Anything we can do to brighten up your day 

For comparison: 
The best I`ve ever managed on my 9.25 mile unofficial time trial (fairly flat, one stop sign that I blow and one that I have to slow or stop for) was 19.0 MPH.
http://www.mapmyride.com/us/lemmon-valley-nv/lemmon-valley-tt-loop-route-171338612

The best I`ve managed on my local road loop (59 mi/2300ft) was 16.9 MPH.
http://www.mapmyride.com/us/lemmon-valley-nv/redrock-loop-tt-from-home-route-171344776

And to REALLY make your day, the last of the events I was talking about in my last few posts saw about 11 MPH av :eekster:, although that statistic included an embarrasing amount of off bike time.

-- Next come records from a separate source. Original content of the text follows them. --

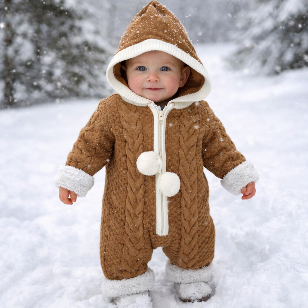 Combinezon tricotat de iarnă pentru bebeluși, căptușit și foarte călduros, ideal pentru plimbări în zăpadă. Design elegant, confort maxim și detalii adorabile 🤍
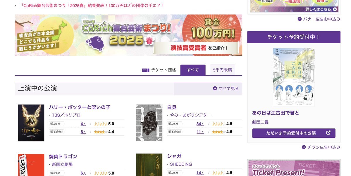 パソコンからだとこんな感じでTOPページの右側に表示さてます。stage.corich.jp いくつかの団体さんの案内がランダムで表示されるので何度かリロードすると表示見れると思います。 #劇団二畳 #あの日は江古田で君と #こりっち舞台芸術 pic.x.com/ulsNx5GfRD x.com/2Theater/statu…
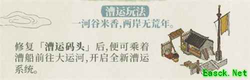 既然是漕运,就需要用到码头。 修复「漕运码头」后,便可乘着漕船前往大运河,开启全新漕运系统。
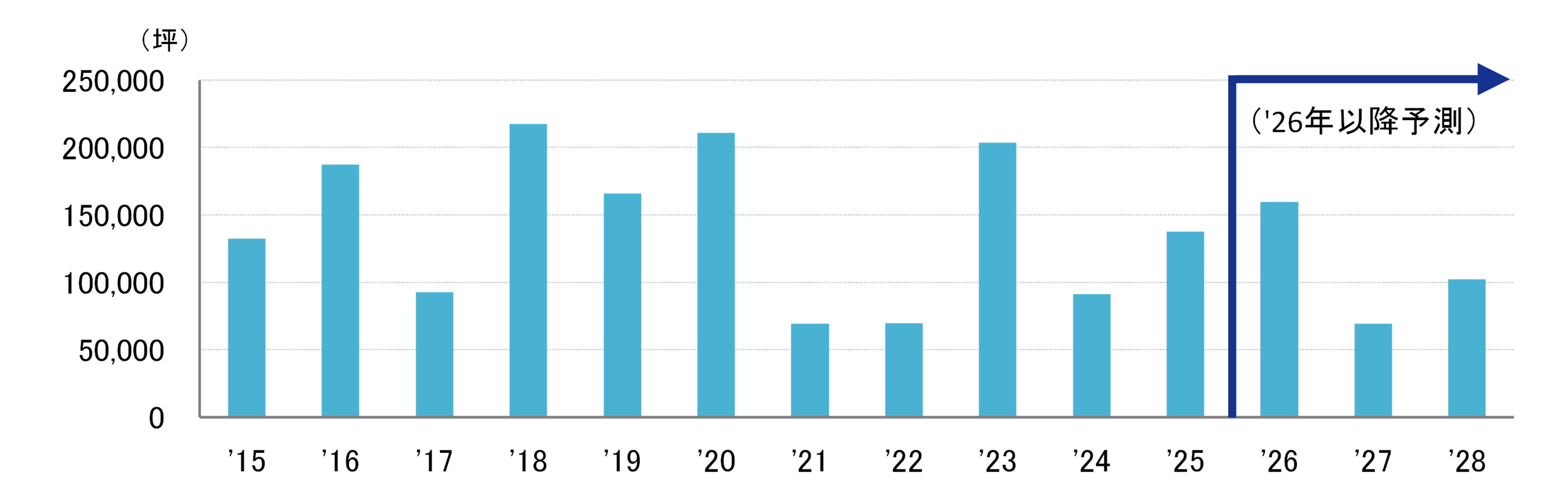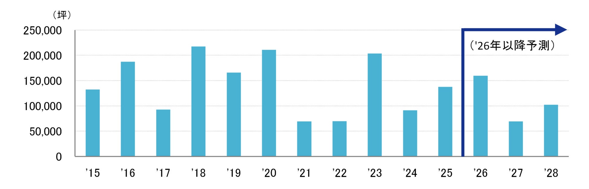 2025年の大規模ビルの新規供給は港区を中心に14万坪となったが、2026年は16万坪の予定となっている。区別で見ると中央区で9万坪が竣工予定と、供給が集中する見込みだ。

I can`t find the rolling average for it, somewhere around 13. I need to work on my off-bike as much as my on-bike.

My bike is about the same weight as yours, 3X8 gearing in between mtb and road, and skinnier, more road friendly tires.


----------



## millertm (Jul 20, 2012)

Thanks, I feel ya. My ride home 7.4miles with a cat 4 climb is about 11 mph ave as well.

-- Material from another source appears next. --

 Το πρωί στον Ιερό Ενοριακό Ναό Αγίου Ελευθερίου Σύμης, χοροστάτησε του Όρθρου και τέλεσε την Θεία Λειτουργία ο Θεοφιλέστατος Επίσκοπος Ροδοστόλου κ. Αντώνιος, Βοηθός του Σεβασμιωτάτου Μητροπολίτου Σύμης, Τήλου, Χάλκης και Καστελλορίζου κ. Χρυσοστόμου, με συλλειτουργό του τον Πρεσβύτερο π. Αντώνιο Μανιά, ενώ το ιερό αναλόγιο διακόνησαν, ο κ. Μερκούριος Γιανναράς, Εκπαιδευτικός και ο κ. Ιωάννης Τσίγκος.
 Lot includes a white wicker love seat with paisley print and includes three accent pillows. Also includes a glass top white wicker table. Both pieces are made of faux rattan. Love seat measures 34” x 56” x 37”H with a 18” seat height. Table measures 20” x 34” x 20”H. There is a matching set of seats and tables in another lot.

Mountain Bike Ride Profile | 7miles near Rio Rancho | Times and Records | Strava

Mountain Bike Ride Profile | Evening Ride near Rio Rancho | Times and Records | Strava

Here are some highlights. Meh, I need a road bike.

Mark


----------



## mtbxplorer (Dec 25, 2009)

rodar y rodar said:


> I did get myself some lycra! Bought a pair of genuine slick and smooth bike shorts last year. When they arrived I put them on and waddled to my bike, rode ten minutes, turned around and rode home to change into my geezer shorts (with skivvies), THEN went out for a nice ride :lol:. When Stayfree puts out a Kathy Rigby version, maybe I`ll try a pair of those!

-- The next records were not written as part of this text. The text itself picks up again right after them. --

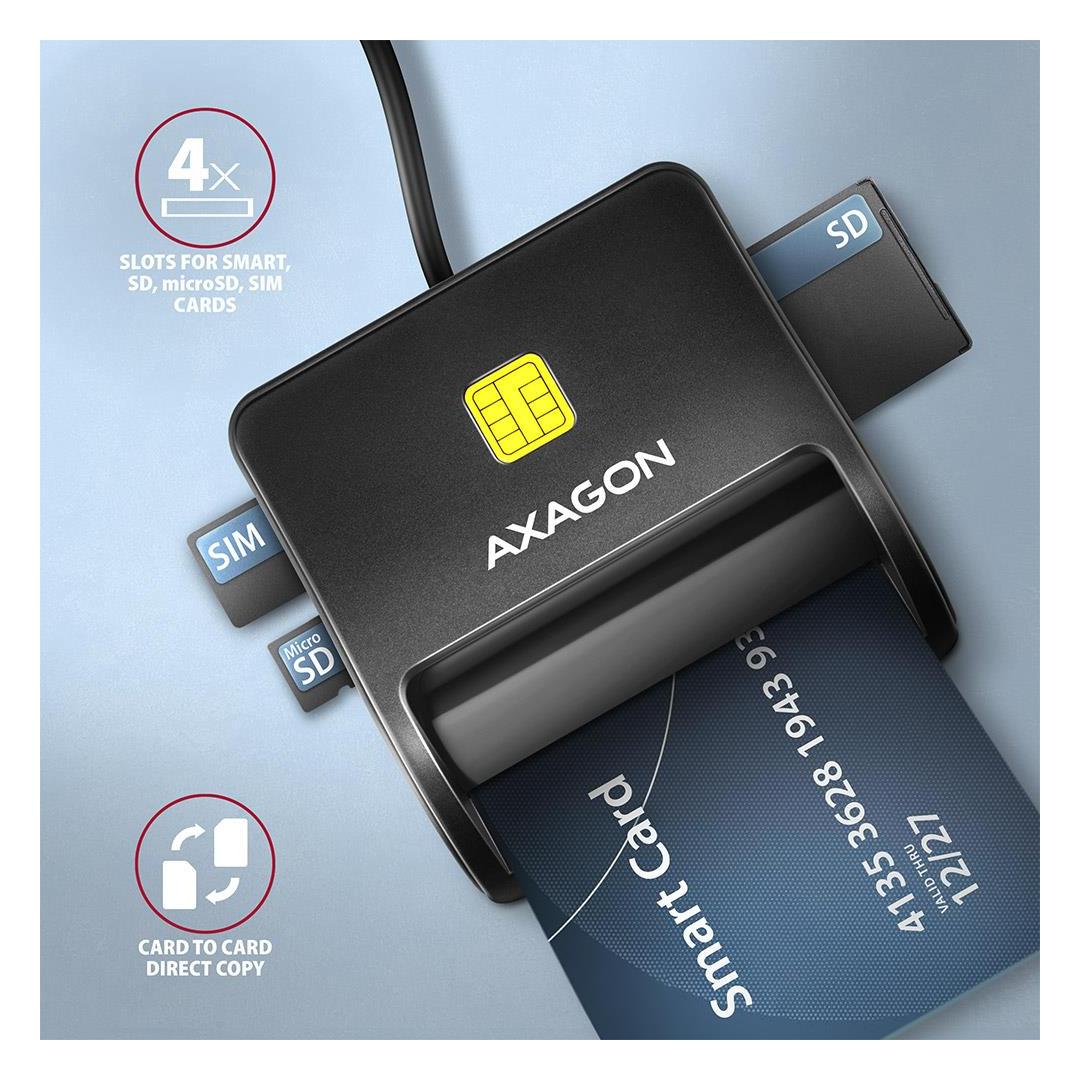 KORTINLUKIJA LITTEÄ SMARTCARD 4SL/USB2.0 1.3M CRE-SM3SD AXAGON
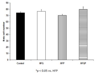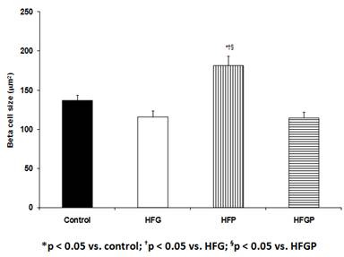 There were no changes in beta cell morphology in HFL and HFGL weanlings compared to control weanlings (data not shown). HFP adolescents displayed beta cell hypoplasia compared to HFGP adolescents (Figure 1A) and beta cell hypertrophy compared to control, HFG and HFGP adolescents (Figure 1B). Beta cell volume was similar amongst the groups (Figure 1C).
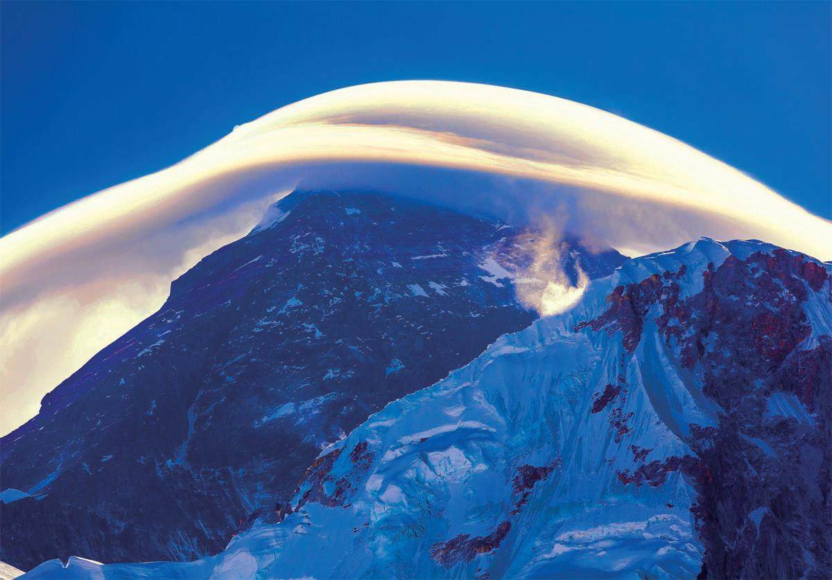 这顶神奇的“帽子”是怎么变出来的呢?原来,当湿润的气流爬升到山顶,其中的水汽遇冷凝结成无数细小水珠,汇聚成云。在高空下沉气流的控制下,云朵向四周铺展开,就像一顶大帽子不偏不倚地盖在山顶 上。(剩余80字)
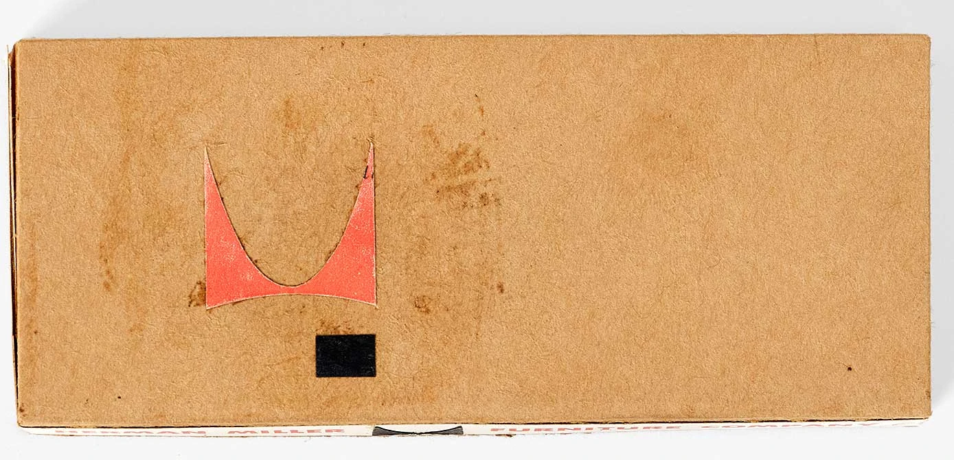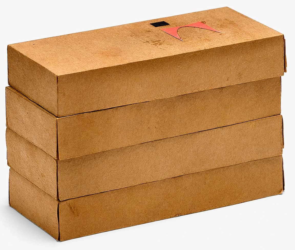This diminutive model of the box for their 1954 Sofa Compact (later known as the Compact Sofa) bears a relatively simple design, with manufacturer Herman Miller’s brand name and logo serving as the primary graphic elements. Though simple, the design of the box is highly thought out, as the packaging for the Sofa Compact was an integral aspect of the design concept itself. Specifically, with this sofa the Eameses sought to achieve affordability by reducing shipping costs—without sacrificing the dimensions of the sofa, which was full-length and high-backed. Typically, such items were shipped in large crates, but because shipping costs were largely determined by volume (rather than weight), the Sofa Compact was designed to be shipped in pieces that fit into a slender box. This minimized its packed dimensions but required the customer to assemble its steel frame and foam rubber cushions upon delivery, making it an early example of flat-packed furniture. This now-common approach is often associated with Swedish furniture manufacturer IKEA, though the Eames Office designed the Sofa Compact three years before IKEA introduced flat-packing to Sweden. The long, thin box itself is a manifestation of the flat-packing concept: three flat-packed, boxed sofas could be shipped in the same amount of space as one fully assembled sofa.
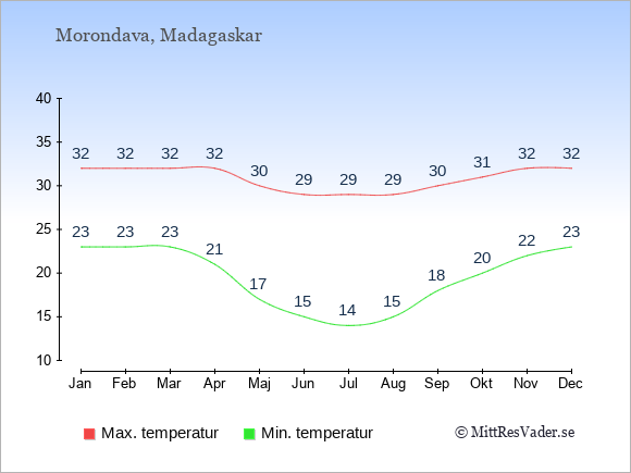 Grafen visar de genomsnittligt högsta temperaturerna i Morondava (vanligtvis det värde som uppmätts mitt på dagen) och de genomsnittligt lägsta temperaturer (vanligtvis tidpunkten just innan soluppgång).

Did you pass me yesterday with jean shorts, golf shirt, and white knee high support hose?


----------



## rodar y rodar (Jul 21, 2006)

^^Not me, Xplorer. Support hose maybe, but jeans are too much for even my butt!


millertm said:


> Meh, I need a road bike.


Well, of course! Everybody needs another bike


----------



## junior1210 (Sep 9, 2011)

n+1 baby, n+1 :thumbsup:


----------



## joeinchi (Jun 19, 2010)

Nice vid.


----------



## HOOKEM (Mar 17, 2007)

You also slap a big 'ol 52 tooth chainring on the outside! I did this last week-end, and now I can get back and forth to work almost as fast as I can on my Litespeed (which has also been known to see a commute or two).


----------



## corwin1968 (Oct 8, 2011)

I would say that my Handsome Devil fits the bill perfectly. It has parallel 73 degree head/seat tube angles, 70mm of BB drop, 45mm of fork rake and a top-tube in between "drop" and "flat" bar length so you can easily run either. Pretty much relaxed road bike geometry but it has longer chainstays (specs list 43.6 but mine are at 44.5 due to front facing dropouts) and can accommodate tires up to the low-mid 40mm range.

I've got it set up with a 48/36/26 triple and V-brakes. I've got 40mm Schalbe Duremes on it in this photo but it usually sports Vittoria Randonneur Hypers, which are light, fast and comfortable.

It's got a very lively ride yet it's very stable. It has a lot of braze-ons for commuter type accessories and is built Surly sturdy so it can carry some baggage. The only thing it really lacks as far as commuting is the ability to run disc brakes.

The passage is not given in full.